Exercise directions » No pictures go into the copy. Write out exactly the lines below from the one containing "Permite recubrir al" through the one containing "Термометр-гигрометр для бани, деревянный".

Dataset records »
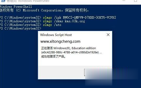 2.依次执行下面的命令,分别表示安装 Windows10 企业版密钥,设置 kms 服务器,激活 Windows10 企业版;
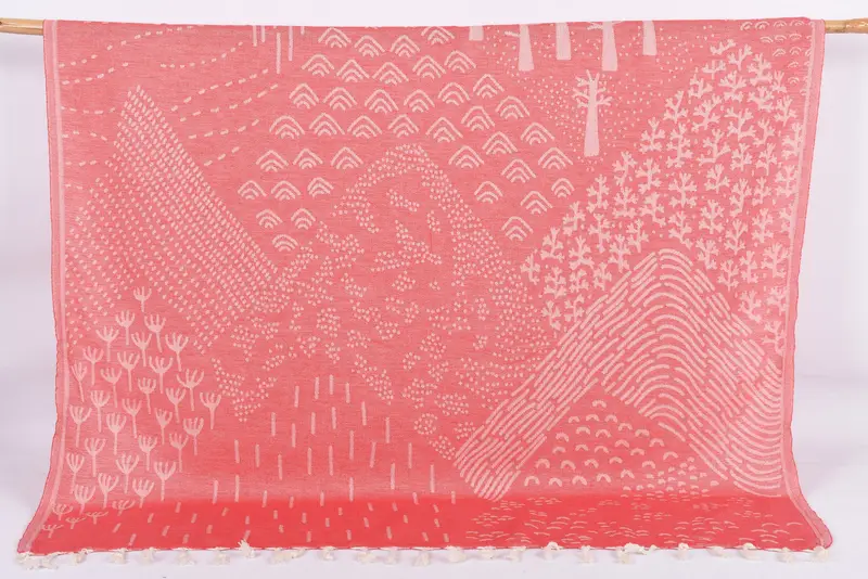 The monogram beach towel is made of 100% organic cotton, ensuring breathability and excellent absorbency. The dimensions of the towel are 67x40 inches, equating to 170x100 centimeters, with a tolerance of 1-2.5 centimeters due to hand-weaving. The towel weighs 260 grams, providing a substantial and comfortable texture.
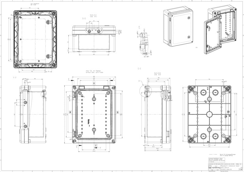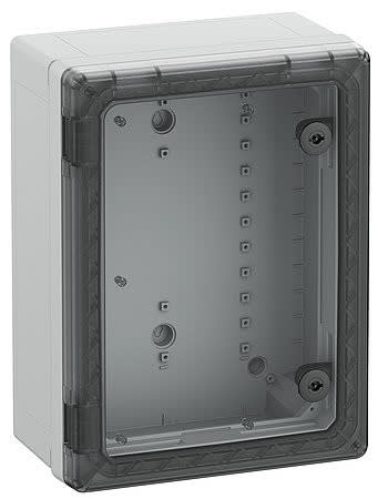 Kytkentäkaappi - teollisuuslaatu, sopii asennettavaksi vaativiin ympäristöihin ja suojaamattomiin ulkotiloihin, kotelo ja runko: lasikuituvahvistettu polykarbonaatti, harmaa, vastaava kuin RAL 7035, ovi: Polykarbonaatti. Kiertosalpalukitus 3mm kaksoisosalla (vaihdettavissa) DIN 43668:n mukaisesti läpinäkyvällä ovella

---

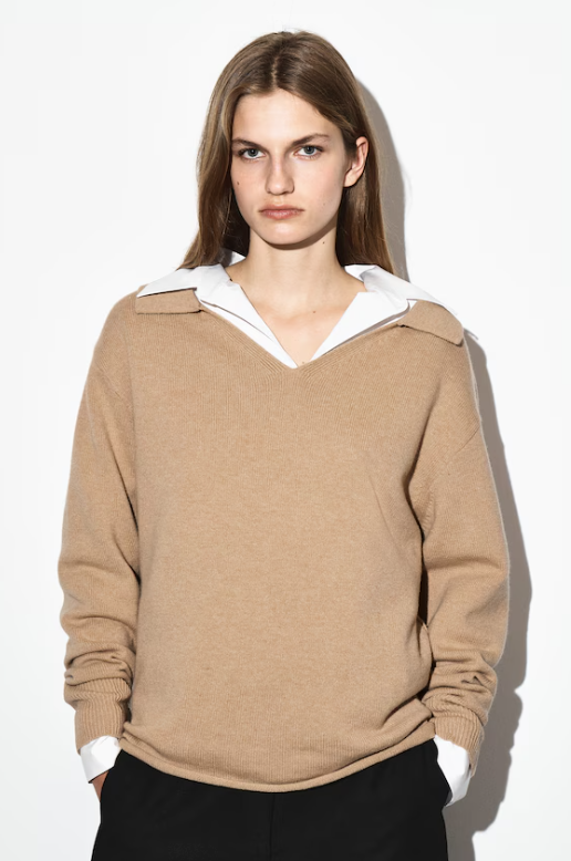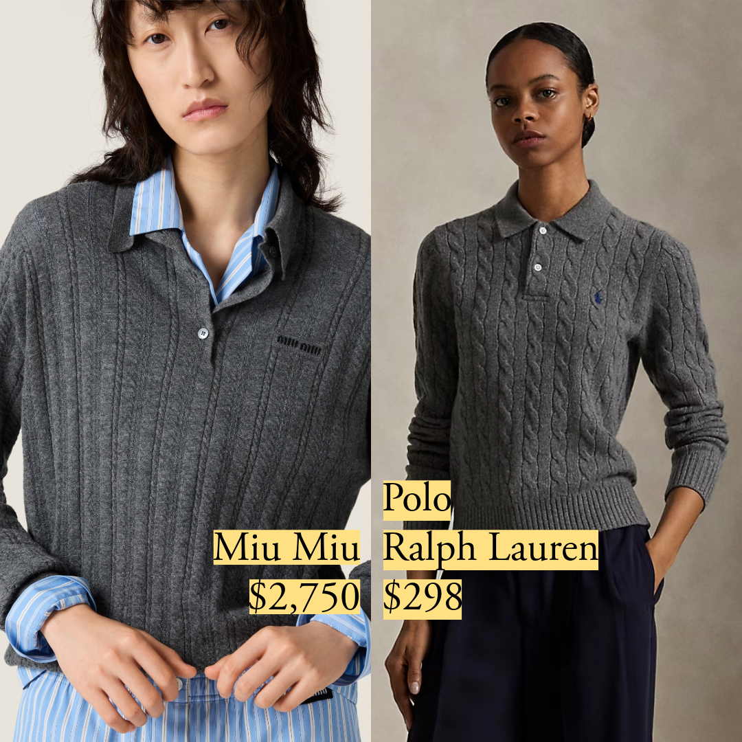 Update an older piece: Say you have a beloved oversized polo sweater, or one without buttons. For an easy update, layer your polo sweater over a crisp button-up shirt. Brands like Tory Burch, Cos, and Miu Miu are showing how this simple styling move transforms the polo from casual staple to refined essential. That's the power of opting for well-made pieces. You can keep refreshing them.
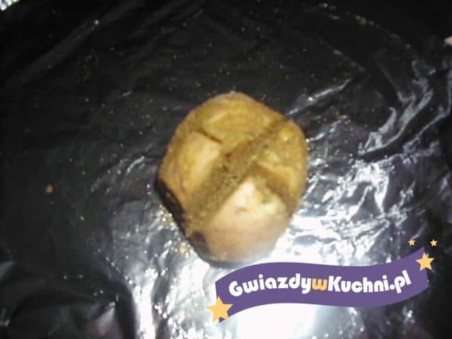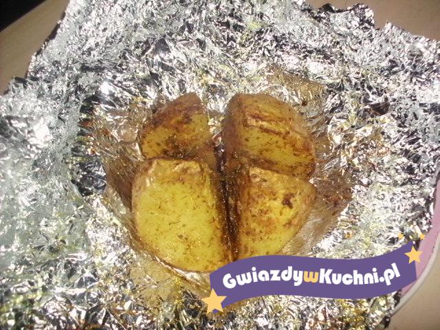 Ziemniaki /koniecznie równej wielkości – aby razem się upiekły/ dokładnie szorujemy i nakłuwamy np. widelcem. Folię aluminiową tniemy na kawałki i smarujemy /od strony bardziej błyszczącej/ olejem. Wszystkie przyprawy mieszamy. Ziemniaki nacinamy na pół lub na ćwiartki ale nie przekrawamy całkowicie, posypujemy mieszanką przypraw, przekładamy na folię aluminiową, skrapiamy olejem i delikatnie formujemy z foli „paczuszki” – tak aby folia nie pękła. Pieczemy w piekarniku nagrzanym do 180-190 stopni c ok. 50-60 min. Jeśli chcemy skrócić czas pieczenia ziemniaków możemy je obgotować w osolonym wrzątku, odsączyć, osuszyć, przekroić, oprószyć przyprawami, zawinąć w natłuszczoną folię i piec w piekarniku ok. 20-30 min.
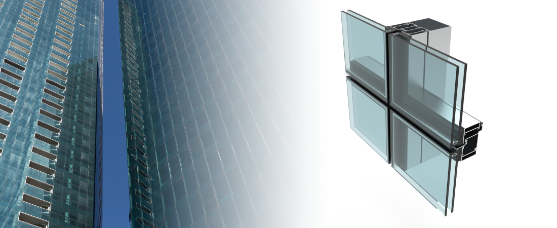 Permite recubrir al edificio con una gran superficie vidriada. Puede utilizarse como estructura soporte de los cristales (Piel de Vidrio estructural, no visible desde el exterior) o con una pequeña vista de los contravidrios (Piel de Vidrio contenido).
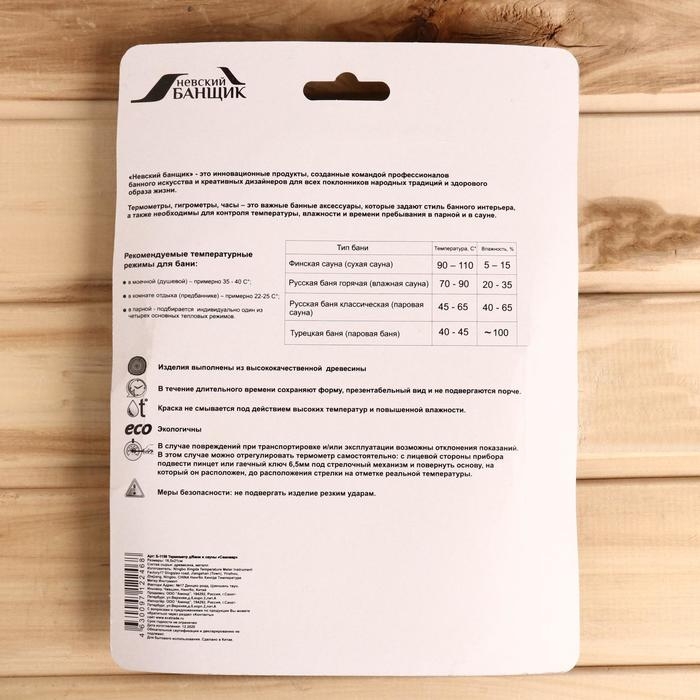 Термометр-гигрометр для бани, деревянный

Output of the task »
 Permite recubrir al edificio con una gran superficie vidriada. Puede utilizarse como estructura soporte de los cristales (Piel de Vidrio estructural, no visible desde el exterior) o con una pequeña vista de los contravidrios (Piel de Vidrio contenido).
 Термометр-гигрометр для бани, деревянный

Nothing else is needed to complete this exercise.